The solution is simple, but not easy. It’s not easy. You have been engulfed in diet culture your whole life. For me, that was 46 years. I can’t expect it to go away with the snap of my fingers, and neither can you. Your child is 975 times more likely to develop an eating disorder than type 2 diabetes (1). In case you needed any more compelling reasons to fix this now. You will have to work at this. It’s a process. To get you started, here are a couple of tips:

  • Enlist the whole family. Bring everyone on board as a united front against diet culture as your shared enemy.
  • Create a “diet culture” jar. When one of you recognizes diet culture, write it down and put it in the jar. When you fill it, take the jar’s contents outside and use it as a fire starter (adult supervision required on this one). It can be incredibly freeing to send those messages off in a cloud of smoke.
  • Take your “diet culture” jar to the next level and work with your kids to spin the diet culture observation into something positive or more intuitive. For example, if you noticed a weight loss add and wrote it down for the jar, post a larger message on the front of the fridge that reminds everyone how God is enough and we don’t have to prove anything to him (2 Corinthians 2:5).
  • Create a diet-culture-free zone. I recommend this is the dining room table or kitchen or both (or maybe your whole house). In this zone, everyone takes a mindful approach to speak with care, think with care, and love everyone. A diet-culture-free zone doesn’t mean diet culture won’t ever sneak its way in. But you have your jar ready when it does. 

Communication is key

  • Promise to keep open lines of communication. Kids must feel safe to talk to you about anything. They need to talk about messages they are getting that make them feel bad.

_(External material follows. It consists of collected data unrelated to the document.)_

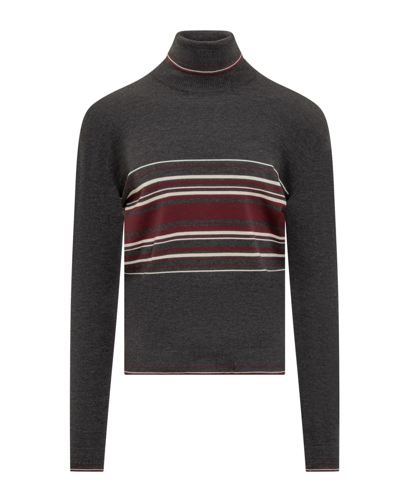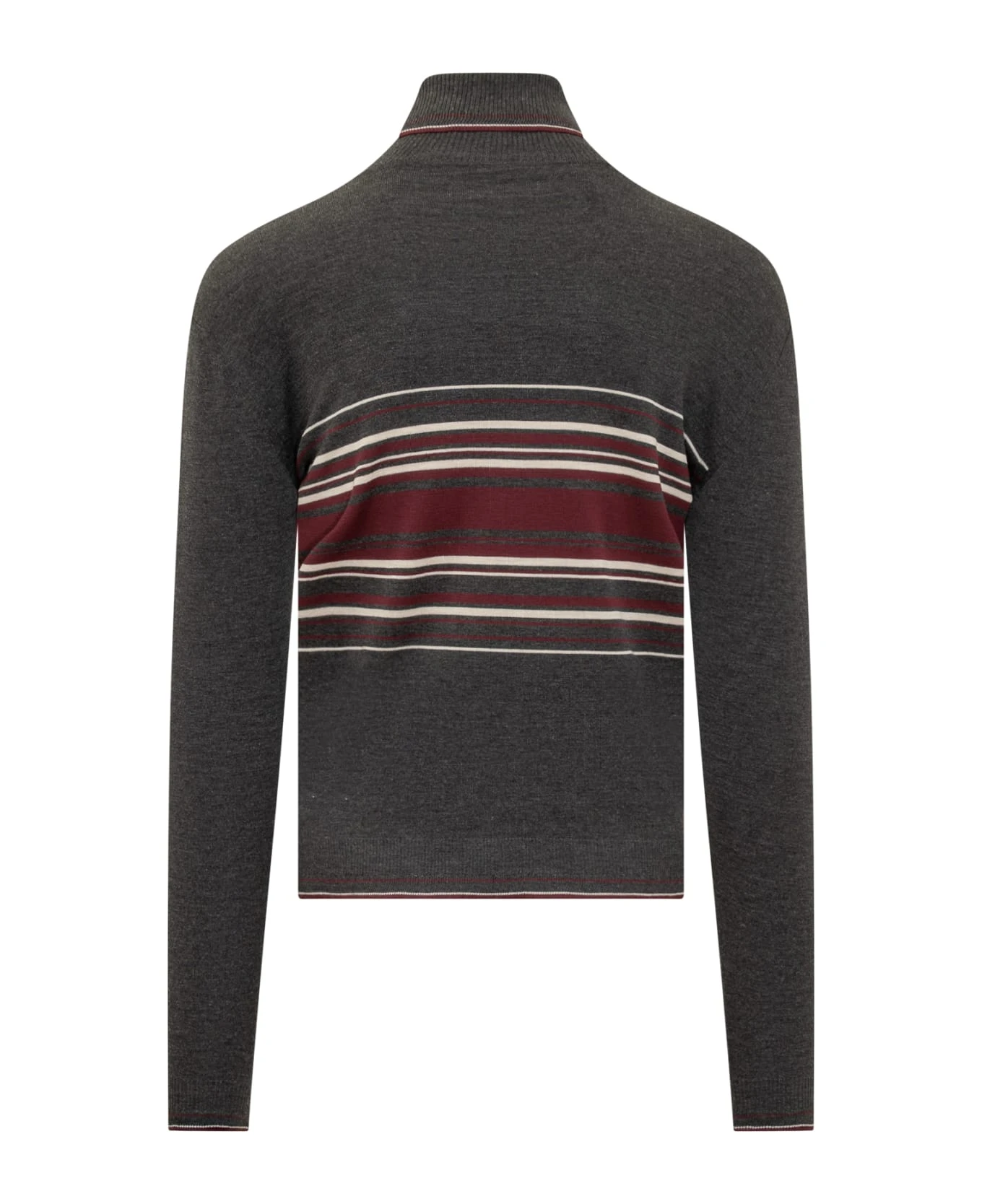 Black pullover with long sleeves. Turtleneck. Striped pattern. Ribbed collar, cuffs and bottom.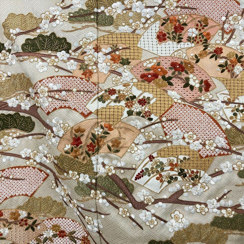 しっとりとした正絹の地に、熟練の職人技による総刺繍が施され、松に白梅、扇面に四季花といった吉祥文様が、立体感豊かに表現されています。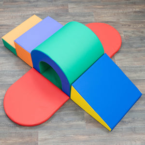El centro de juegos con tobogán Alpine Tunnel de Children's Factory es un conjunto de bloques gigantes blandos de gran tamaño para trepar por encima y por debajo.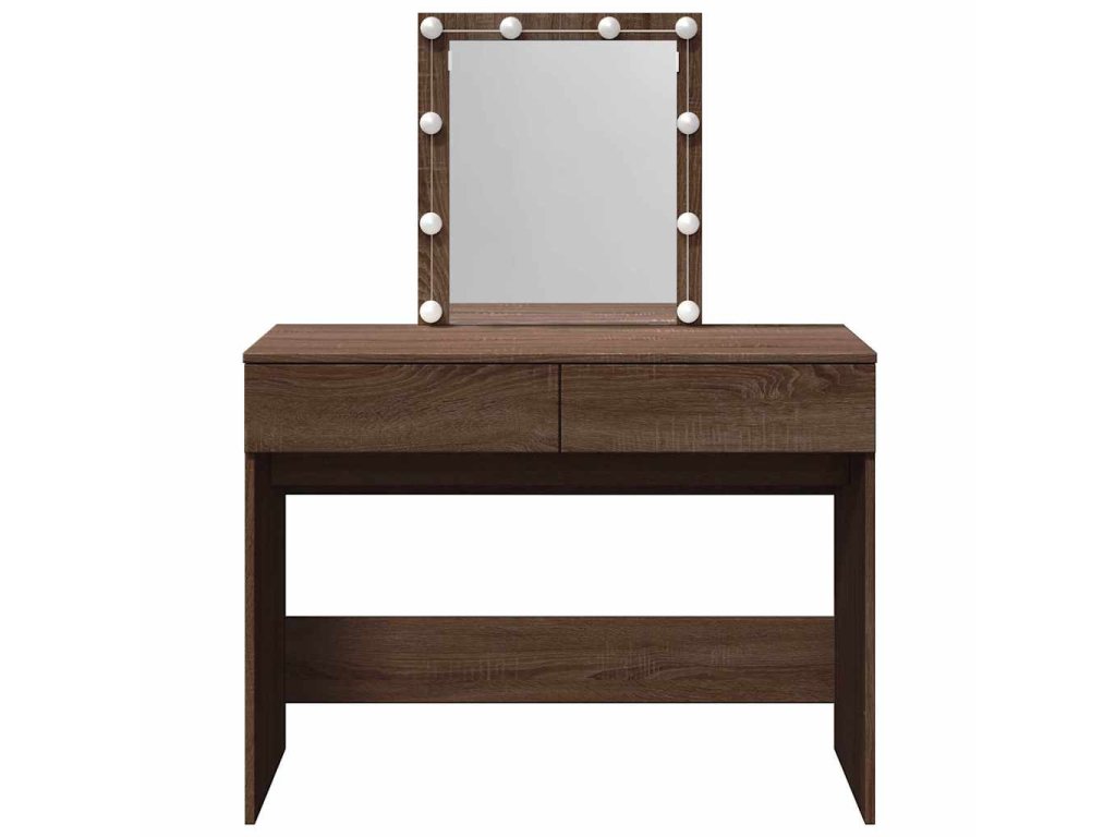 Multidom Toaletný stolík s LED hnedý dub 100x40x130 cm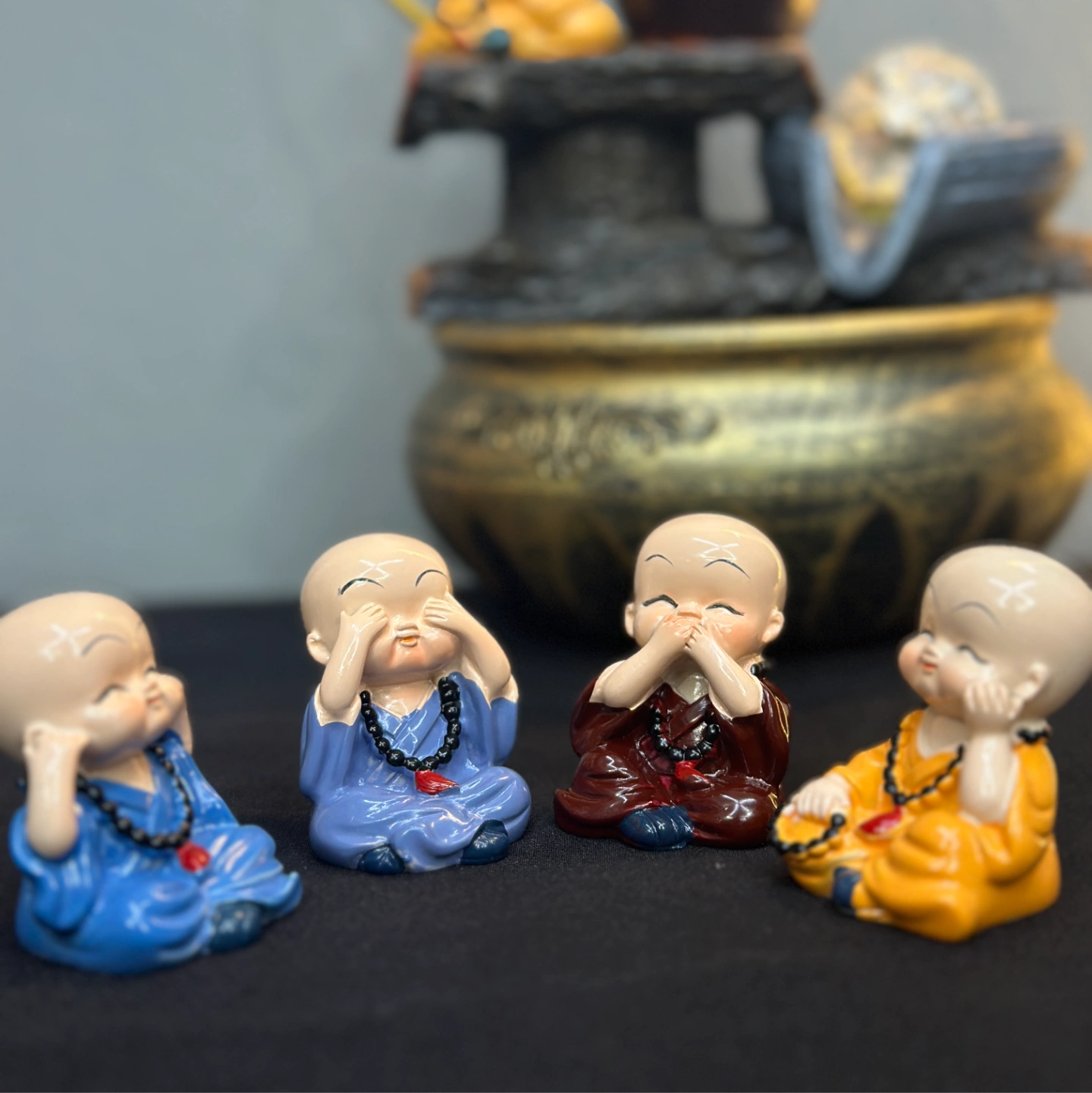 Inspired by the traditional "See No Evil, Hear No Evil, Speak No Evil" philosophy, this set includes four adorable young monks in colorful robes. They serve as a peaceful reminder of mindfulness and joy.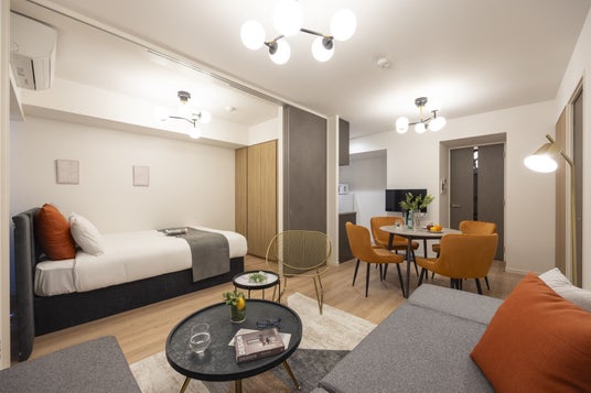 客室は4~8階が1LDK(約35平方メートル )、9~10階が2LDK(約54平方メートル )の全45戸で構成されており、ファミリー・グループ旅行から個人旅行まで幅広いゲストニーズに対応します。全室にキッチンを完備した滞在型の設計により、数泊から数週間にわたる中長期滞在にも対応できる居住性を備えています。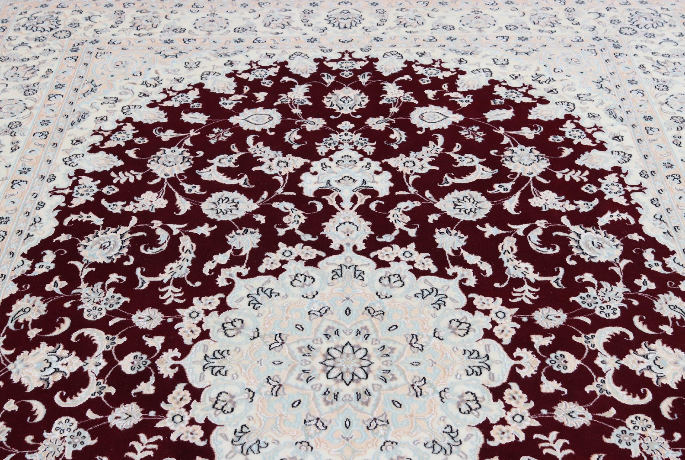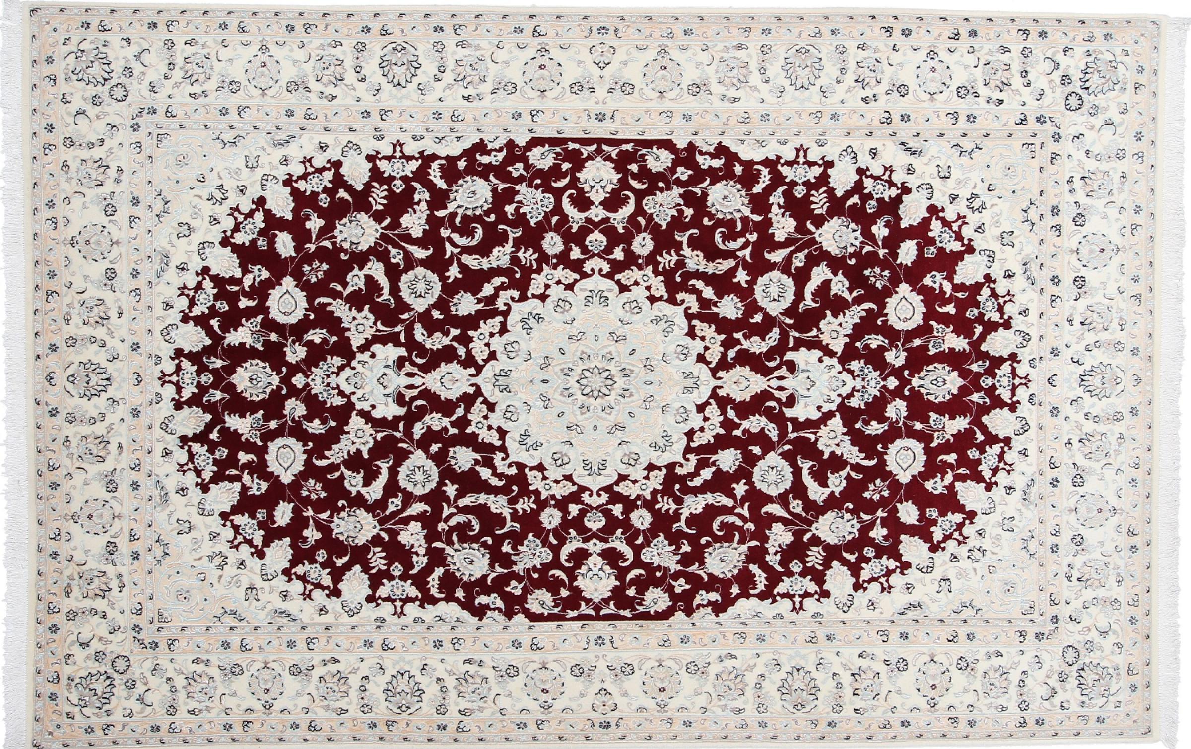 Les tapis de la ville de Nain, à la frontière de l'un des plus grands déserts d'Iran, comptent parmi les plus célèbres tapis persans du monde. Leur design typique est sans équivoque avec des ornements floraux, un médaillon central et des nuances de beige et de rouge ou de bleu. Grâce à leurs désignations 4La, 6La, 9La et 12La, les finesses d'un tapis Nain peuvent être vues d'un seul coup d'œil. Plus le chiffre "La" est bas, plus la densité des nœuds est élevée et donc plus le tapis est fin.

Because they need to be able to talk through this as much as you do. Be real with them and show them you are human and working through this with them too (age-appropriate of course). 
  • Play foods (aka treats or sweets or snacks like chips) should be available at times other than parties and celebrations. Our job is to make a variety of foods available, it’s our kids jobs to make their choices. When you trust them and don’t judge their choices, they really will balance out.
  • Stop telling your kids to finish all their food so they get dessert. Instead encourage them to notice how their body is feeling as they eat. Out loud take breaks during your meals to check in with whether or not your bodies have had enough or are still hungry. Kids need to see these things in action since they are somewhat obscure.
  • Stop telling your kids to finish all their food because of starving people or because it was expensive. Instead, encourage your kids to be mindful of the amount of food they put on their plates initially. And if they tell you they are full despite having a large amount of food on their plate, have open non-judgmental discussions about why they think they took so much food. Perhaps they made a distracted choice instead of a mindful one when they approached this meal. Perhaps they missed a snack earlier because they were too busy playing and so they were especially hungry and just overshot their expectations. Or perhaps they are still learning about what portion sizes of different foods will fill them up, this takes a lot of practice and will change from food to food.

I will say it again, diet culture is evil.

And my intention was to also inspire you with ways to protect those beautiful kids from it. And to empower them to stand up against it. I’d love to hear from you. What are you doing in your house to protect against diet culture and instead cultivate intuitive eating?